**WORK ITEM:** Could you give the data that follows again exactly, without its pictures?

**DATA SECTION:**
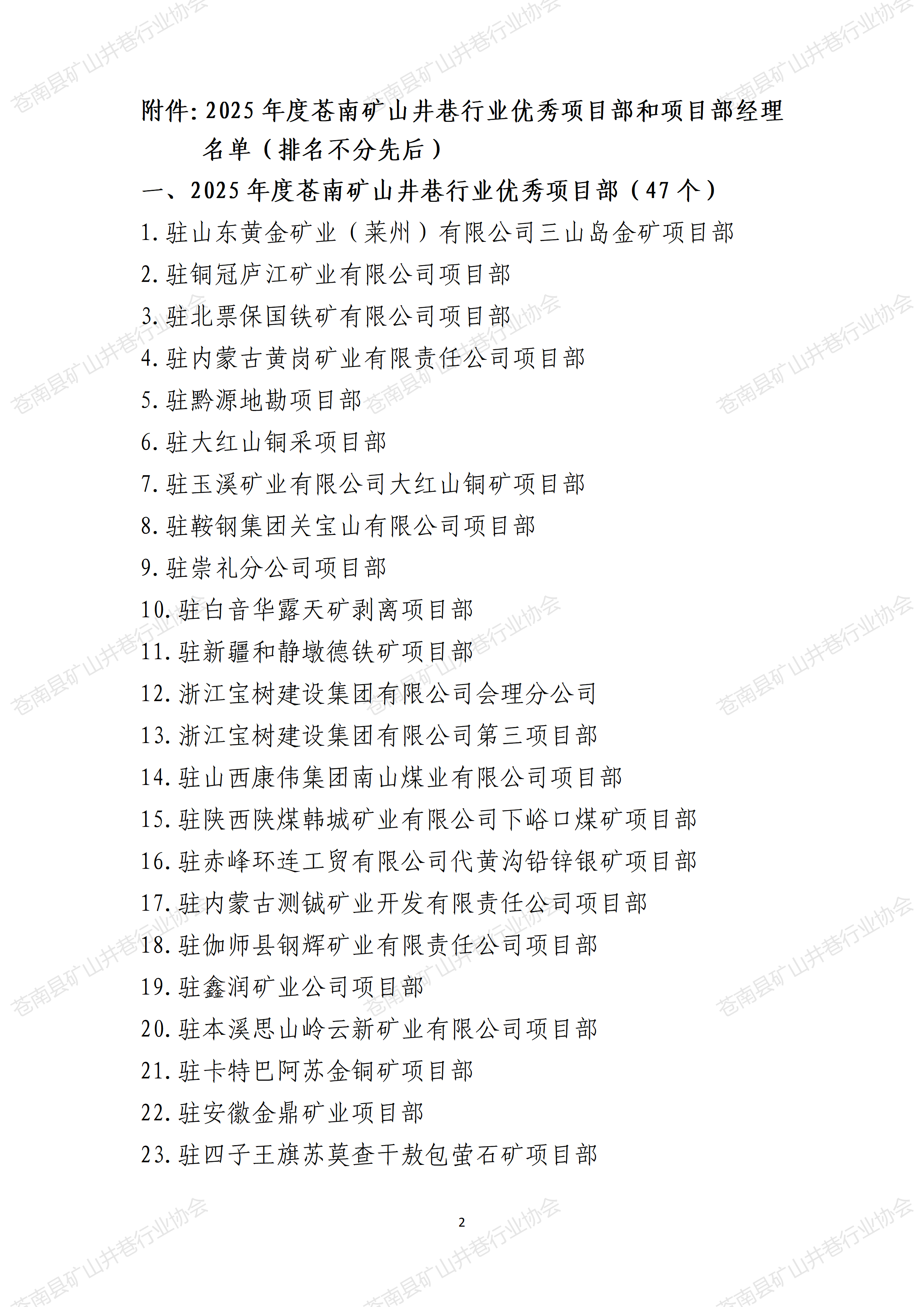 2025年度苍南矿山井巷行业优秀项目部及项目部经理评选结果的公示
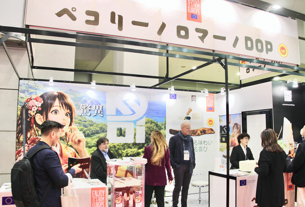 さらに、FOODEXの会場内には、欧州連合(EU)が共同出資する3年間のプロジェクト「KYOI 2024-27」の最終年度における重要な取り組みとして実施された「ペコリーノ・ロマーノDOP」のブースも!
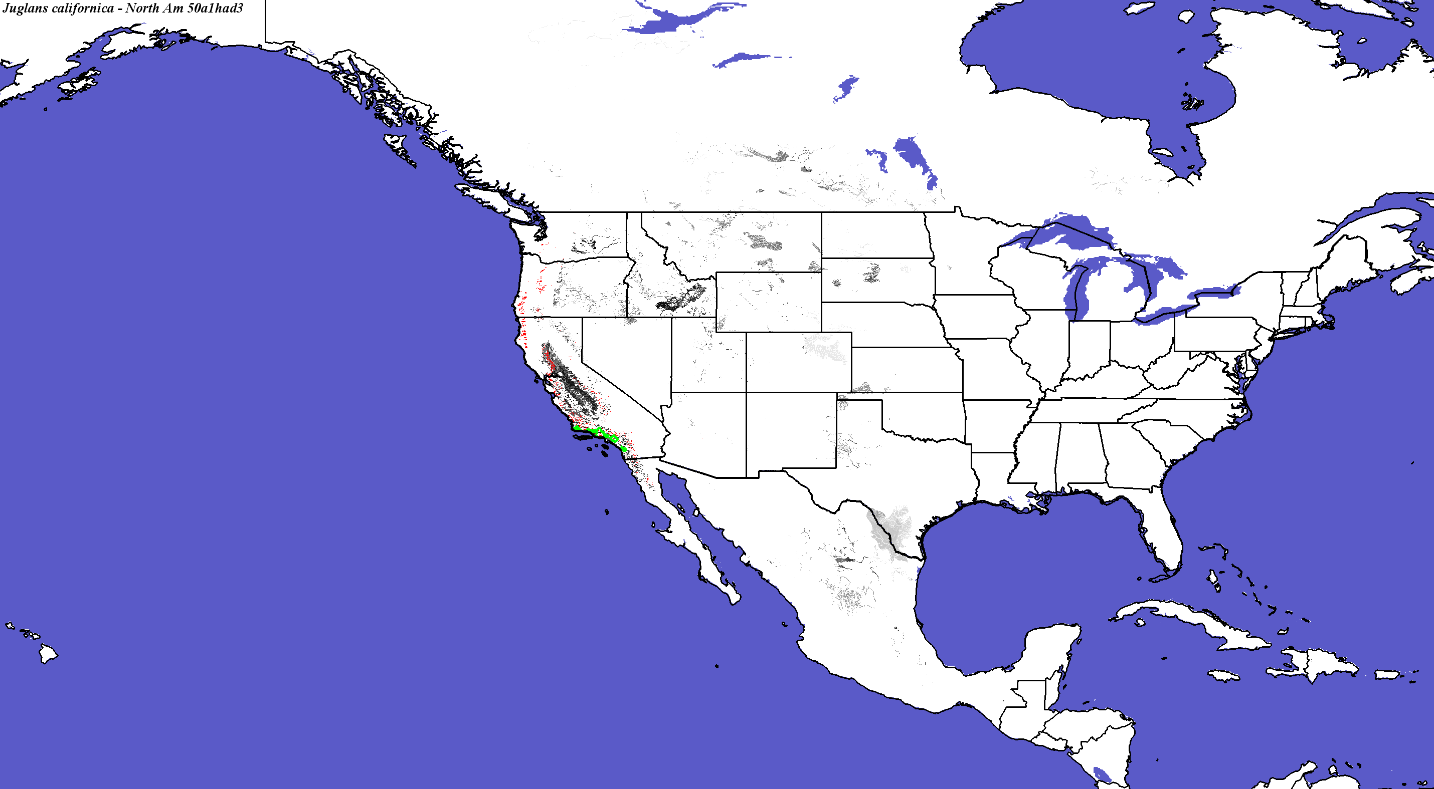 Compare with Current Range from the Silvics Manual for Juglans californica Juglans californica not modeled by Iverson and Prasad Juglans californica not modeled by Crookston and Rehfeldt Juglans californica not modeled by Coops and Waring |

**ANSWER BELOW:**
 2025年度苍南矿山井巷行业优秀项目部及项目部经理评选结果的公示
 さらに、FOODEXの会場内には、欧州連合(EU)が共同出資する3年間のプロジェクト「KYOI 2024-27」の最終年度における重要な取り組みとして実施された「ペコリーノ・ロマーノDOP」のブースも!
 Compare with Current Range from the Silvics Manual for Juglans californica Juglans californica not modeled by Iverson and Prasad Juglans californica not modeled by Crookston and Rehfeldt Juglans californica not modeled by Coops and Waring |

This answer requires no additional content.